Juan Non-Volokh notes (Nov. 28) that Miller Brewing Co., which has been a client of Boies, Schiller & Flexner in the past, “is not among the named defendants in the suit. … Boies claims this is because Miller is not one of the ‘more egregious’ actors in the industry”. Julian Sanchez (Reason “Hit and Run”, Nov. 28) discerns the ripple effects of anti-alcohol agitation by the Robert Wood Johnson Foundation and other Safety Dry forces. Jim Leitzel (Nov. 19) takes note of a study suggesting that alcohol advertising probably does raise the rate of underage drinking. Professor Bainbridge (Nov. 28) has some thoughts on the regulation-through-litigation angle. Further: for more on the Neo-Drys, see Radley Balko, “Back Door To Prohibition”, Cato Policy Analysis #501, Dec. 5. (Update Feb. 16: second suit targets brewers).

The jake-leg episode

While on the topic of alcohol, we also recommend Vice Squad’s Oct. 14 commentary on the Jamaican Ginger paralysis episode of the early 1930s, in which tens of thousands of mostly poor drinkers were afflicted with paralysis (“jake leg”) after consuming a cheap “medicinal” liquor substitute that had been adulterated with an industrial plasticizing chemical for purposes of evading scrutiny by Prohibition enforcers. A recent New Yorker article on the jake-leg episode (Dan Baum, “Jake Leg”, Sept. 15) declares it unfortunate (see final page of story) that this public health catastrophe occurred before the modern liberalization of product liability and class action law, which would presumably have led to a cathartic spasm of litigation. That’s a far from obvious conclusion, however, since even under today’s liberalized rules the only deep-pocketed entity on the scene, the company that made the plasticizing chemical, would not likely be found responsible in court unless someone could show it was aware its product was at risk of being added to the food supply. The more appropriate target for blame — aside from the shady operators who committed the adulteration — is the Prohibitionist regime itself, which ensured that the alcohol trade would fall into unscrupulous hands.

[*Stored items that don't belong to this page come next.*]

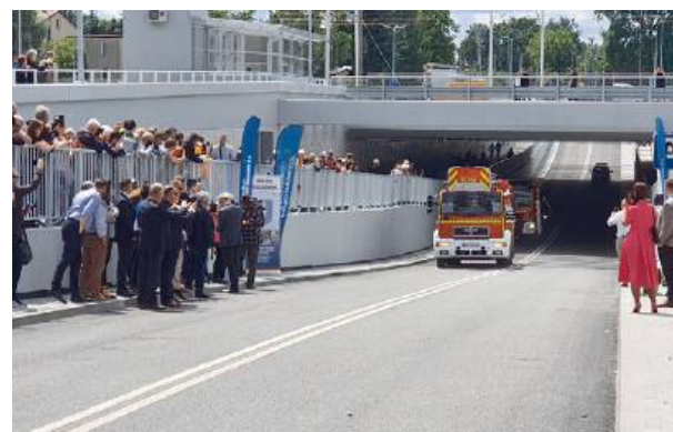
Nowy tunel to kolejna istotna modernizacja infrastrukturalna.

To kolejna istotna modernizacja infrastrukturalna w mieście – w listopadzie 2023 r. oddano tunel drogowy pod torami przy ul. Piłsudskiego (droga wojewódzka nr 638) o długości ponad 90 m. Nową inwestycję, która zastąpiła dotychczasowy przejazd kolejowo-drogowy przy ul. Krasieńskiego, zrealizowano w 15 miesięcy. Tunel ma także 90 m i całkowicie zastąpił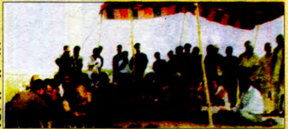
ပန္နက်ချအခမ်းအနားတွင် ဘုန်းတော်ကြီးများ ထုံးတမ်းစဉ်လာအတိုင်း လုပ်ဆောင်နေစဉ်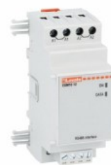
Moduły rozszerzeń do urządzeń modułowych – porty komunikacji EXM1012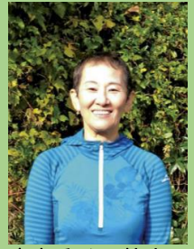
日本山岳ガイド協会 登山ガイドステージII 大阪山岳連盟・理事

各回 登山学校メンバーズカード会員 ¥9000 一般 ¥10000 ※当日経費あり 催行4-8名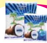
Coco Ralado Fresco 500g Cada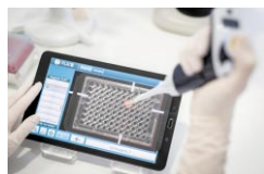
3.ピペティングの開始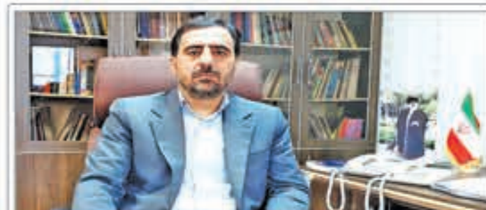
۱۵۱ داوطلب نمایندگی مجلس دوازدهم در کردستان ثبت نام نهایی کردند

نشانی الکترونیکی: Govarisirwan@gmail.com سیروان در فضای مجازی: @Sirwan_weekly / شماره ۱۲۵۲ / سال بیست و پنجم / ۸ صفحه / ۲۰۰۰۰ ریال / شنبه ۶ آبان / ۱۲ ربیع الثانی ۱۴۴۵ / ۲۸ اکتبر ۲۰۲۳ / شماره ۱۲۵۲ / سال بیست و پنجم / ۸ صفحه / ۲۰۰۰۰ ریال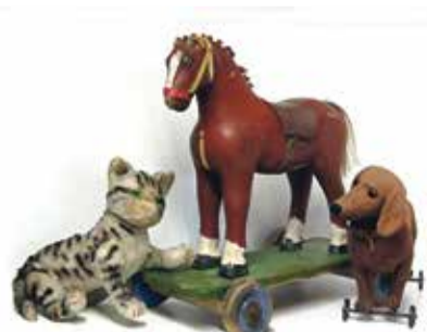
Das Museum beschäftigt sich mit verschiedensten Darstellungen von Spielzeugtieren.

Schon in den ältesten Zeiten der Menschheit hat man für das Kind Tiere nachgebildet, die es in seiner Umgebung erlebte. Mit Kuh, Pferd, Ziege, Schaf und Federvieh machte sich der kleine Bauernbub mit seiner künftigen Tätigkeit vertraut. Obwohl die Technisierung heute vieles verändert hat, ist selbst für Stadtkinder das Spiel mit einem Bauernhof immer noch spannend.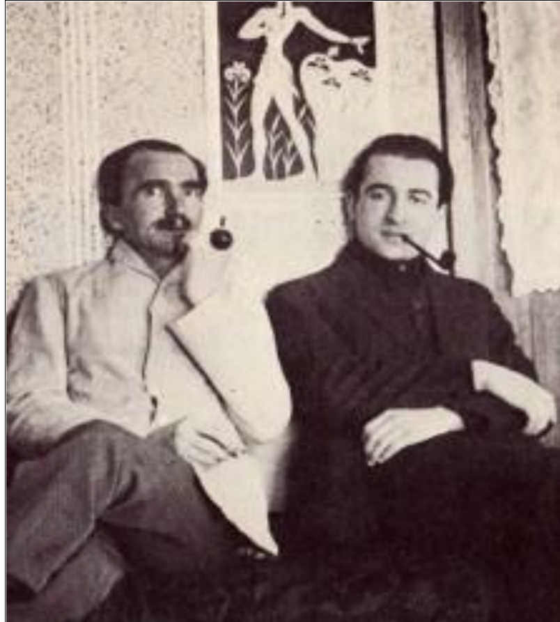
Νίκος Καζαντζάκης, Παντελής Πρεβελάκης στο Gottesgab της Τσεχίας (1932)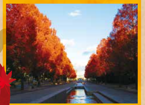
のんほいパーク [豊橋市]

Scotland: “Alcoholics sue booze companies”

“Alcoholics are attempting to make legal history by suing the drinks industry for failing to warn them of the dangers of addiction. Twelve addicts, aged between 18 and 60, claim their lives have been destroyed by the demon drink and that they were not warned of the risks.” Lawyers from the Glasgow firm of Ross Harper “believe they can use the arguments employed in successful prosecutions against huge American tobacco companies in 2000 to win their case” and are applying for officially funded legal aid to help finance a test case. (Glasgow Daily Record, Jul. 21). Liquor companies have been curiously absent from the list of targets of mass litigation campaigns in the U.S.A. in recent years; but see Mar. 22, 2000.